Selasa, 02 Agustus 2011

Thailand`s Forward Looking Religious School

Nakorn Sri Thammarat (Southern Thailand) - The Ma`had Misbahuddin (Torch of Islam) or Prateepsasana Islamic School is something different from the typical religious schools found in south Thailand.

The school is situated about 800km to the south of Bangkok. It is one of the many religious schools or `pondok bantan` that can be found in the restive southern provinces. They are viewed with suspicion by the authorities as they feel it is where the seeds of extremism are planted and militants harboured.

Yet the 66-year-old school has proved itself otherwise and today it`s an exemplary pondok where religious studies are integrated with secular and vocational subjects.

But foremost, it has produced one of the country`s well-known intellectuals - former Thai foreign minister Surin Pitsuwan - and now the Asean secretary-general designate.

"Students need to be educated in a comprehensive manner in religion. But the problem is how are we going to prepare them to face challenges brought by modernisation while convincing their parents that their children`s faith will remain intact," said Surin during an interview here.

Torch Of Islam
Surin, who has been nominated by the Thai Government to be the next Asean secretary-general, said the Ma`had Misbahuddin was established in 1941 when a small number of Thai Muslim students returned from Mecca.

Led by his grandfather they decided to set up a small Pondok Bantan, as it is known locally, for basic Fardu`ain education for boys and girls in the southern province of Nakorn Sri Thammarat.

Beginning with 50 plus students in the early 1940s, the school now has 1,361 students. The students come from other provinces including Krabi and Songkhla. It now has 73 teachers who teach traditional Islamic studies and modern Islamic and secular subjects.

Although the Government pays 60 percent of the teachers` salary, the pondok remains independent.

Parents Don`t Favour Mainstream Schools
"Parents here are reluctant to send their children to government schools because Islamic subjects are not taught there. This pondok teaches Quran, ritual, ethics, theology from the sixth to 12th grade," he added.

Surin said the school run by five of his siblings provides value added education from kindergarten up to high school level by providing studies in information communication technology and accounting that enhance their value in the job market.

"So when they leave the school, they have something to back them up. Some start book keeping or business when they return to their villages...even selling curry paste or mobile phones...this is an economic transformation," he added.

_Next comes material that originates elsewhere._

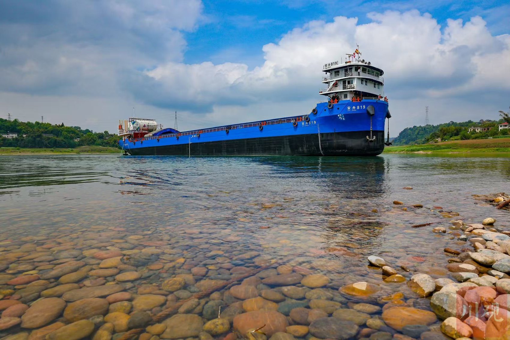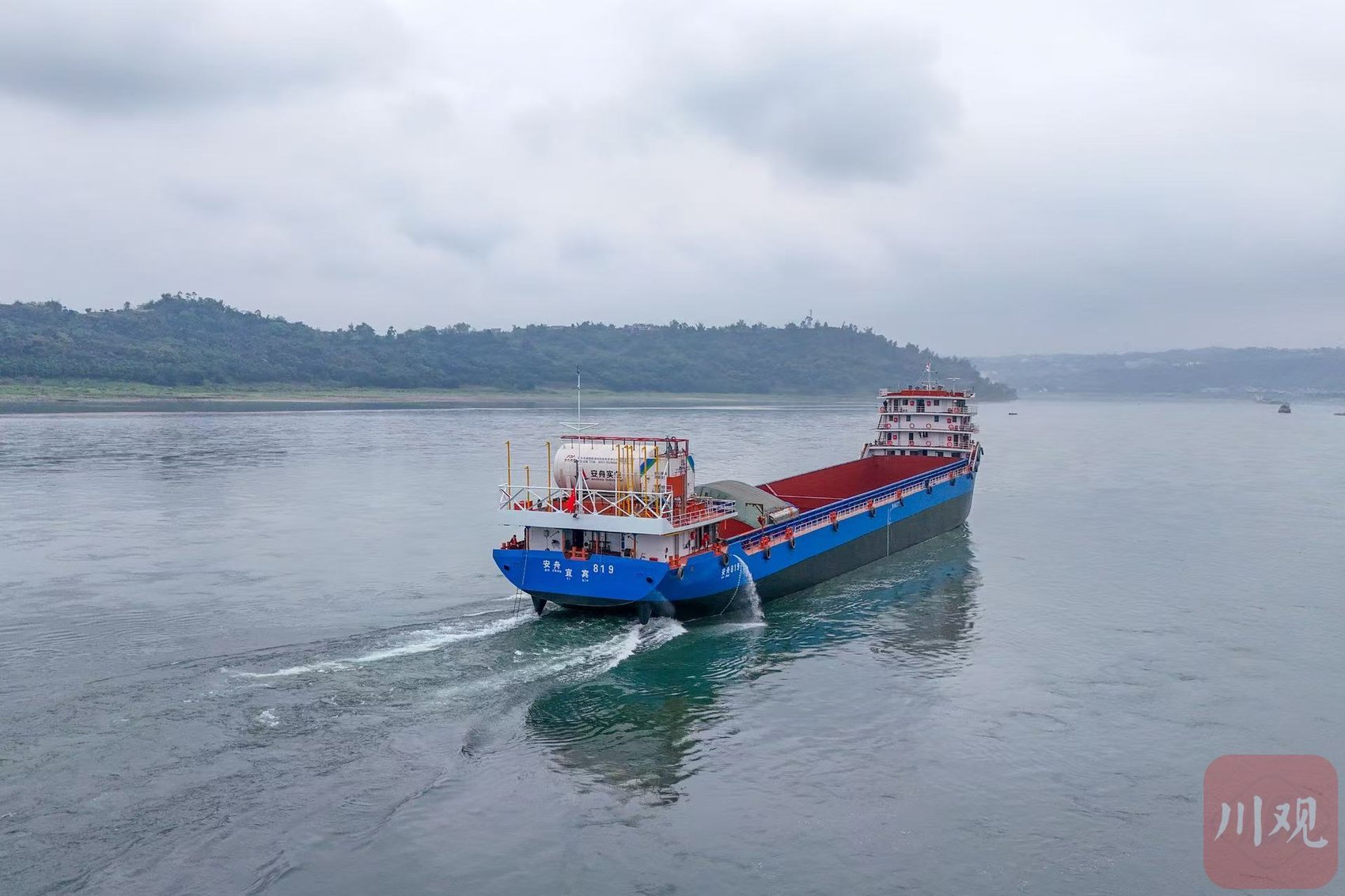 4月8日,在长江泸州段,随着低沉浑厚的鸣笛声响起,“安舟819”缓缓离岸,正式开始试航。

Surin said this is a stark contrast compared to the past when students returned home to become farmers or fishermen.

Parents More Open To Secular-Religious Education
The Thai authorities had partly blamed the pondok education for the rise in youngsters joining separatist movements in the ongoing violence in the Muslim-majority provinces of Yala, Pattani and Narathiwat.

There are more than 500 pondok operating in southern Thailand but only about 300 registered with the government.

Surin said the estimated 2.5 million Muslims in the south have been struggling to catch up with the political, social and economic changes affecting the country and the world.

The National Reconciliation Commission (NRC) on the Southern Conflict estimated that about 5,000 students graduate from the pondok school system annually in southern Thailand but not many go for higher education in science or economics.

"Some go to Middle East while many go to the open admission at the Ramkhamhaeng University in Bangkok. But with our religious-secular subjects, more students are going to universities to study law or science, teachers` training colleges and vocational schools," he said.

Asked if the religious-secular combination were objected by parents, Surin said they are comfortable if their children could absorb both and become more marketable.

"In fact, I am surprised to see well-to-do parents sending their kids to our school. They are prosperous but very much attached to traditional values...the message is that they want to maintain their identity," he added.

Pondok School Still Close To His Heart
Despite his busy schedule, Surin remains close to the pondok that nurtured him into a public figure and recently hosted Prime Minister Surayud Chulanont during the pondok`s 66th anniversary celebrations.

"He (Surayud) was amazed when he stepped into the school compound. He thought he was going to officiate the celebration at a small mosque and did not expect to see modern and nice buildings," he said.

The old style pondok has long gone, replaced by buildings and mosque donated by the Islamic Development Bank, Emir of Kuwait and businessmen from West Asia.

The `pondok` education also received a shot in the arm when Japan`s Sasakawa Peace Foundation came forward to offer its assistance to a group of 32 pondok to enhance their academic standards.

Surin said education could be one of the key components in finding a lasting solution to the conflict in south.

"Surayud is using the right approach but the success depends very much on the implementation by officers on the ground and how far they understand the complexity of the problem," he said.